Another intriguing future research direction is the potential link between the level of parasite burden and the strength of the behavioural response of uninfected conspecifics. In our study, the average parasite burden of the infected transmission subgroups did not explain variation in behaviour in the response subgroups (data not shown). However, our study was not ideal to test this question, and set-ups with only one fish in each compartment using infected individuals differing in parasite burden may prove fruitful.

The present and our former study [36] illustrate the risk of shoaling with S. solidus-infected sticklebacks. In natural situations, with real predators, the reduction in anti-predatory responses by uninfected sticklebacks might make them more prone to predation as well. This would have far-reaching consequences for the fitness of individuals grouping together with infected individuals. Our results suggest that these effects might also depend on the parasite burden of the infected individual. Therefore, any negative consequences of shoaling with infected individuals might be lower at the onset of infection. In the wild, uninfected social organisms often co-occur with infected individuals when the parasites do not transfer horizontally [73-75].

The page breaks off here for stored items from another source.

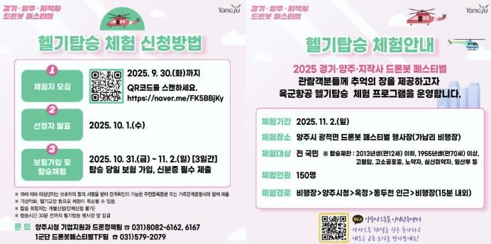 신청을 희망하는 시민은 양주시 공식 홈페이지 또는 SNS채널을 검색하여 접속한 뒤, ‘2025 드론봇 페스티벌 헬기탑승체험’ 안내 게시물을 참고하여 온라인으로 신청할 수 있다.
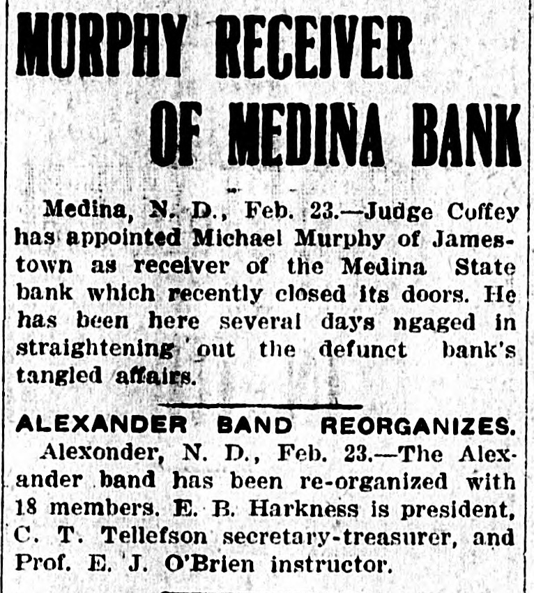 schedules which contain no items. For the first time farm fences, fall plowing, property of secret societies, household pets and scores of other items will be assessed this year. No longer will property owners be able to give a "lump sum" to the assessor. Every item has to be listed at 25 per cent of a fair market value, except moneys and credits, which go in at 5 per cent. John Roland of Stanley will be compelled to face the charge of first de gree murder as the result of the death of Harry Wolcott. His wife also is accused as being an accessory to the crime. The charge of murder was placed against Roland after the board of insanity commissioners had investigated Roland's mental condition and declared him sane. At the preliminary examination before O. M. Kline both Roland and his wife were bound over for trial. Bail was refused. Mrs. Irene Puarie of Slim Buttes was accidentally shot and killed by a young homesteader for whom she had been caring during an illness. The patient and another young man had quarreled during the day and in the evening, when the homesteader was aroused from sleep by a noise just outside the door of his home, he demanded to know who was there. Receiving no answer, and thinking it was the man with whom he had quarreled, he shot through the door and killed Hrs. Puarie. The coroner's jury exonerated him. The payment of $8,000 by the Consolidated Elevator company of Duluth to W. H. Stutsman, chairman of the North Dakota railway commission, saved the holders of $25,000 worth of storage tickets, issued at Davey and Walum, by the North Dakota Grain company, from losses, it was an nounced. The payment was made under the provisions of the law that the purchaser of stored grain must make good to storage ticket holders. The North Dakota commission traced the grain sold by the North Dakota Grain company to the Consolidated Grain company and the latter institution paid up. Thursday, Friday and Saturday, May 18, 19 and 20, have been selected for the annual North Dakota high school conference, athletic meet and debating and declamatory contest to be held at the state university in Grand Forks. The first day will be given over to the high school conference proper. Friday forenoon Inspector R. R. Edwards will conduct a round table on topics relating to smaller high schools. The athletic field tryouts will be held Friday and the finals on Saturday. The debating contest will take place Friday evening, when the state championship will be settled. On Friday evening the state declamation contest will be held. Twenty thousand coyotes have been slaughtered in the past year, according to the bounty statistics given out by Carl O. Jorgenson, state auditor. The auditor has just completed payment of $50,000 in bounties to the slayers of the coyotes. There was some' irregularity" in the bounty fund, brought about by a legislative transfer of a portion of the money previously levied for wolf bounty purposes, and that fact was responsible for the inability of the state to make payment for the past year, until the present time, the funds now being available through the collection of new taxes. The state pays a bounty of $2.50 for each wolf killed. The crack squad of the cadet battalion of the North Dakota Agricultural college will again go on the vaudeville stage this coming summer, making a tour of approximately 3,000 miles, and this time going through the East. The squad, which scored such a hit at all theaters where it showed last summer through the West, will leave Fargo immediately after the college closes in June. The tour will open in New York, where the equad will show for three consecutive weeks. The tour will then take it to Providence, Boston, Philadelphia, Baltimore, Washington and other important centers in the East. The tour will take thirteen weeks, all told. Judge C. A. Pollock at Fargo has ordered the dismissal of the action launched by the receiver of the Medina State bank against Governor L. B. Hanna, E. J. Weiser of Fargo and the First National bank of Fargo. Judge Pollock's dismissal on a demur rer to the complaint was on the find ing that the plaintiff failed to state any cause for action. Its demand for $50,000 for paper which it asserted was removed from the bank just before it was closed was held unjustified. The court holds that on his own pleadings the bank receiver has no cause for action Certain contracts
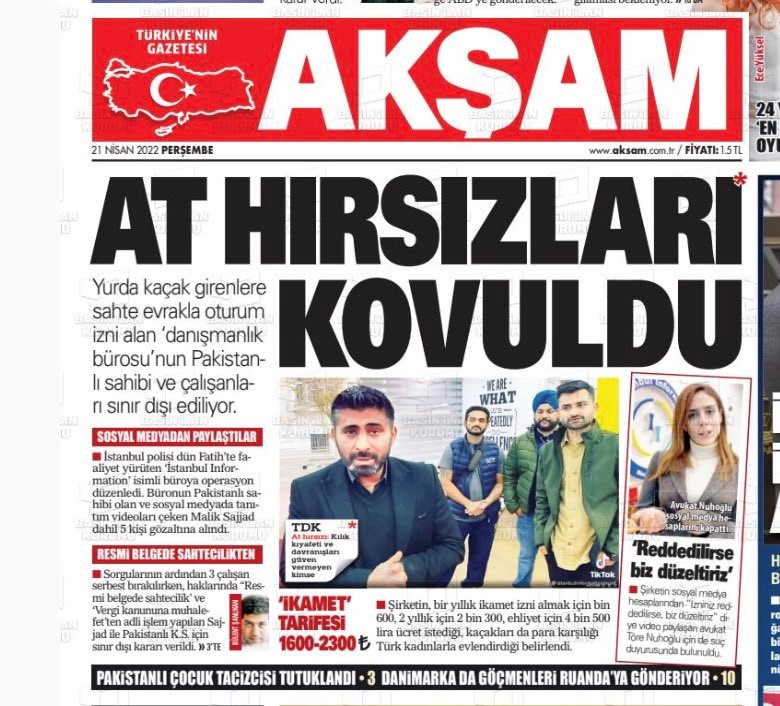 Akşam gazetesi, Türkiye’ye kaçak yollardan gelen Pakistanlıların oturum izni almasına yardım eden ve sosyal medyada gündem olan ‘İstanbul Information’ firmasının Pakistanlı olan sahibi ile yine Pakistanlı çalışanının sınır dışı edileceğini “At hırsızları kovuldu” manşetiyle duyurdu.
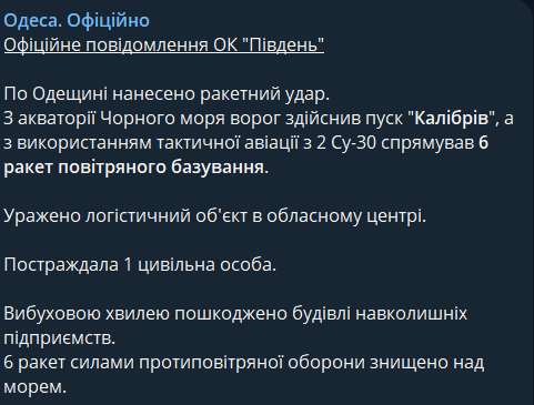 Сообщается, что был поражен объект логистики в самой Одессе. По нему били "Калибры" и шесть ракет воздушного базирования.
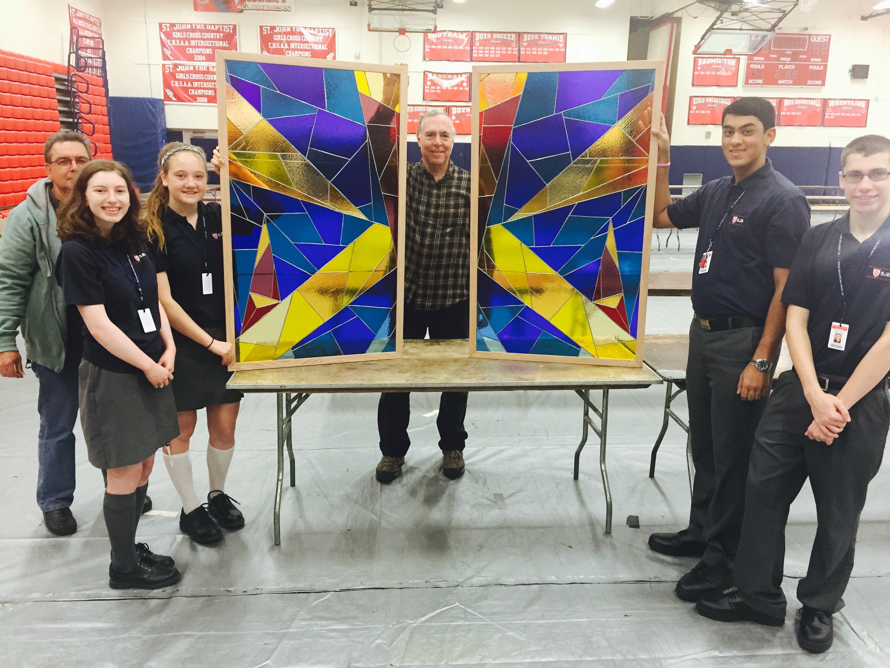 WEST ISLIP, NY - This project idea began in 2012. Mrs. Janet Garvey, a parent of SJB graduate Alanna Garvey ‘13, had the idea and knew her husband, John Garvey, had the skills and resources. He wanted to make it a student-driven project and solicited interested students who wished to learn the stained glass foil method.
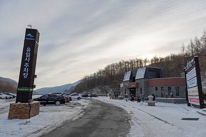 유일사 안내소는 해발 약 800~900m에 위치한 고원 지대입니다. 이미 이 지점부터 공기는 차갑고, 발아래로는 눈이 단단히 다져져 있습니다. 탐방을 시작하자마자 들려오는 ‘뽀드득’ 눈 밟는 소리가 겨울 산행의 분위기를 단번에 끌어올립니다. 유일사 쉼터까지는 비교적 완만한 경사로 이어져 몸을 풀며 걷기에 좋습니다.
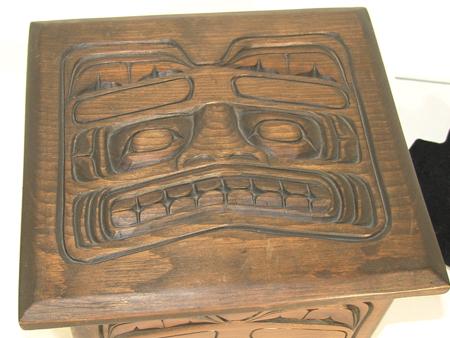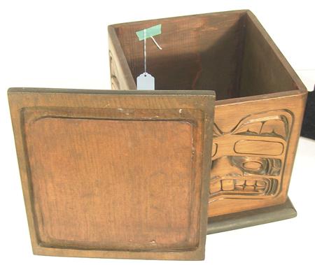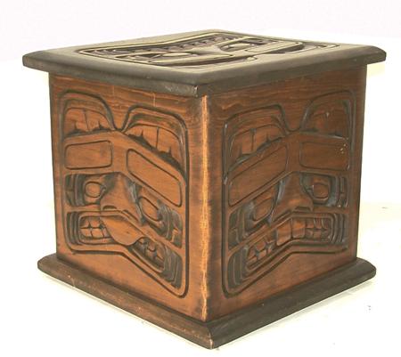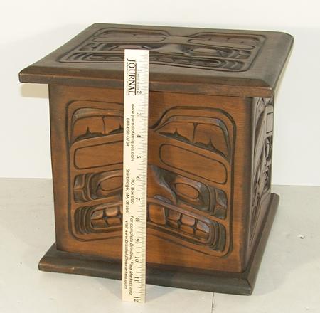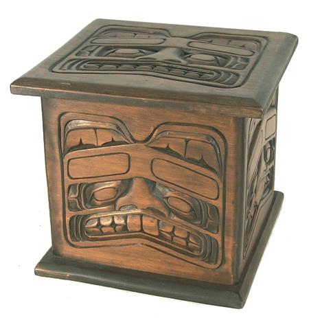 Vintage hand carved lidded cedar box with a traditional bear face on all 4 sides and top. Condition: very good, signed. 11" x 12" x 12"
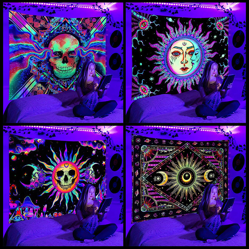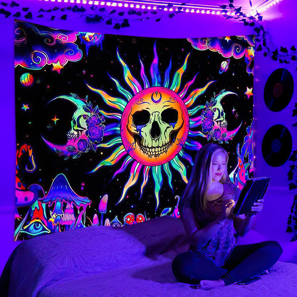 UV Fluorescent Night Glow Skeleton Sun Tapestry
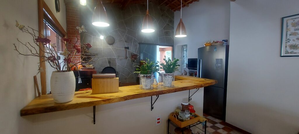 - The wall between the kitchen and the dining room has been removed and has been replace by a bar, to open up the two rooms

If uninfected individuals do not avoid grouping with infected ones, it suggests that the overall benefits of grouping outweigh the costs of infection under certain environmental conditions [74]. For S. solidus-infected individuals, it is possible that they are faster at spotting suitable food sources as they have a higher demand for food [23,69], which the uninfected conspecifics can, in turn, exploit as they are better at food competition than the S. solidus-infected sticklebacks [31]. This would be especially advantageous in food-limited environments.

With the present study, the disruption of signal transmission due to the presence of infected individuals in groups was studied. These results might be relevant and important for more, if not all, social (prey) species and their vertically transmitted parasites, maybe even humans [21,22].